Starting at the first line of the listing below, retype each line up to and including the one that contains "Neben dem bereits". Leave pictures out.
*** Recorded information Section Begins ***
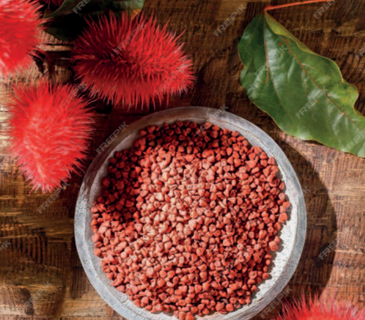 Annatto. Pigmento carotenoide derivado de las semillas de Bixa orellana, contiene bixina (lipofílica) y norbixina (hidrosoluble), ampliamente empleadas en quesos, productos cárnicos y grasas alimentarias[55, 56]. Su extracción se realiza mediante disolventes orgánicos, microondas o tecnologías super críticas[57]. Con buena estabilidad térmica hasta los 180°C y efectos antioxidantes comprobados, el annatto se ha consolidado como una opción preferida en formulaciones sin aditivos sintéticos[58-60].
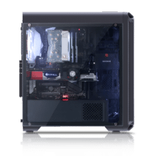 Neben dem bereits erwähnten Acrylglas-Seitenteil punktet das Gehäuse mit einer mattschwarzen Oberfläche und einem ebenso lackierten Innenraum. Die Vorderseite unterscheidet beide Modelle: der i3 zeigt hier ein Mesh-Frontpanel mit sehr guter Belüftung, während das Modell i3 Edge besonders auf das Aussehen fokussiert ist, und auch im Frontbereich mit Acrylglas ausgestattet wurde.
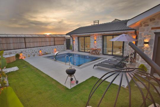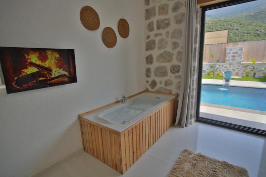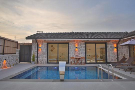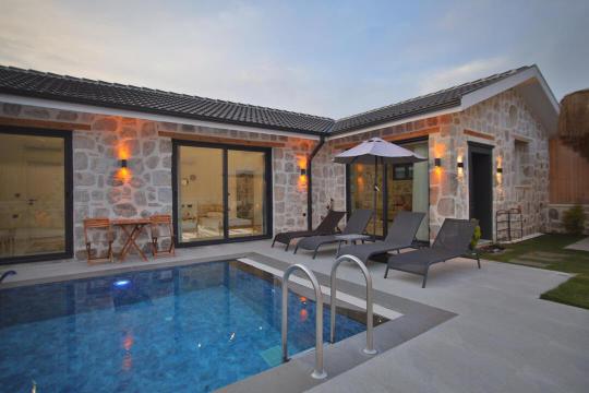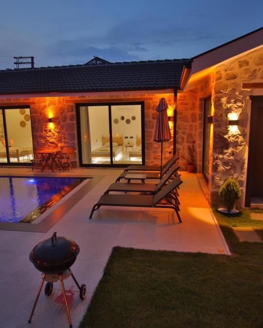 Villa Detay, Fethiye’nin Çalıca bölgesinde yer alan villamız doğayla iç içe konumdadır. 2 yatak odası olup 4 kişilik konaklama kapasitesi mevcuttur. Balayı çiftlerimize veya çekirdek ailelerimize uygun bir villadır. 2 adet tek yatak birleştirilebilir durumdadır. Havuzunda jakuzi sistemi mevcut olup çift kişilik yatak odasında ve bahçede jakuzi bulunmaktadır.
*** Recorded information Section Ends ***
## Solution below
 Annatto. Pigmento carotenoide derivado de las semillas de Bixa orellana, contiene bixina (lipofílica) y norbixina (hidrosoluble), ampliamente empleadas en quesos, productos cárnicos y grasas alimentarias[55, 56]. Su extracción se realiza mediante disolventes orgánicos, microondas o tecnologías super críticas[57]. Con buena estabilidad térmica hasta los 180°C y efectos antioxidantes comprobados, el annatto se ha consolidado como una opción preferida en formulaciones sin aditivos sintéticos[58-60].
 Neben dem bereits erwähnten Acrylglas-Seitenteil punktet das Gehäuse mit einer mattschwarzen Oberfläche und einem ebenso lackierten Innenraum. Die Vorderseite unterscheidet beide Modelle: der i3 zeigt hier ein Mesh-Frontpanel mit sehr guter Belüftung, während das Modell i3 Edge besonders auf das Aussehen fokussiert ist, und auch im Frontbereich mit Acrylglas ausgestattet wurde.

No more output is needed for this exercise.